🤖 AI Summary
Language-empowered intelligent agents (LEIAs) struggle to emulate humans’ multifaceted cognitive capabilities—such as typicality judgment, pattern recognition, habitual behavior, analogical reasoning, satisficing decision-making, and cognitive offloading—especially in complex, dynamic environments.
Method: This paper proposes the “cognitive shape” computational cognitive modeling paradigm, integrating perceptual, linguistic, conceptual, memory, and procedural knowledge into an embodied, dynamically reconfigurable cognitive structure that enables adaptive recovery under anomalous conditions.

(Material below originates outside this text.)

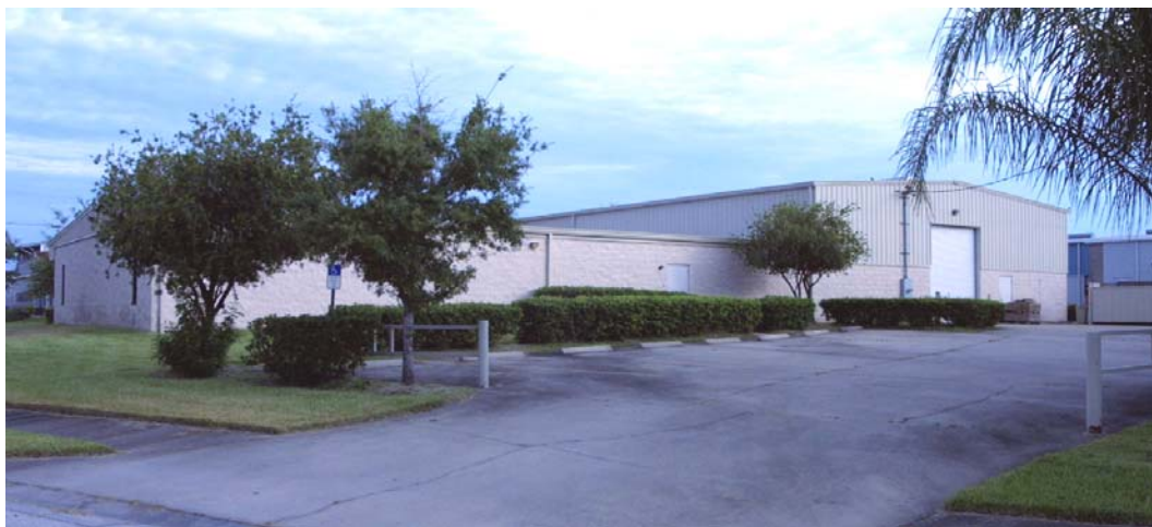
Ample Parking or Yard Space in Rear of Building

Contribution/Results: The paradigm innovatively unifies cognitive typicality with shape-based representational formalism within an interpretable and scalable cognitive architecture. It synergistically combines knowledge-driven methods with hybrid AI techniques—including multimodal knowledge bases, analogical reasoning, online learning, and human–AI collaboration. Empirical evaluation demonstrates significant reduction in cognitive load while maintaining high adaptability, interpretability, and practical deployability across both typical and atypical scenarios.
📝 Abstract
Shapes of cognition is a new conceptual paradigm for the computational cognitive modeling of Language-Endowed Intelligent Agents (LEIAs). Shapes are remembered constellations of sensory, linguistic, conceptual, episodic, and procedural knowledge that allow agents to cut through the complexity of real life the same way as people do: by expecting things to be typical, recognizing patterns, acting by habit, reasoning by analogy, satisficing, and generally minimizing cognitive load to the degree situations permit. Atypical outcomes are treated using shapes-based recovery methods, such as learning on the fly, asking a human partner for help, or seeking an actionable, even if imperfect, situational understanding. Although shapes is an umbrella term, it is not vague: shapes-based modeling involves particular objectives, hypotheses, modeling strategies, knowledge bases, and actual models of wide-ranging phenomena, all implemented within a particular cognitive architecture. Such specificity is needed both to vet our hypotheses and to achieve our practical aims of building useful agent systems that are explainable, extensible, and worthy of our trust, even in critical domains. However, although the LEIA example of shapes-based modeling is specific, the principles can be applied more broadly, giving new life to knowledge-based and hybrid AI.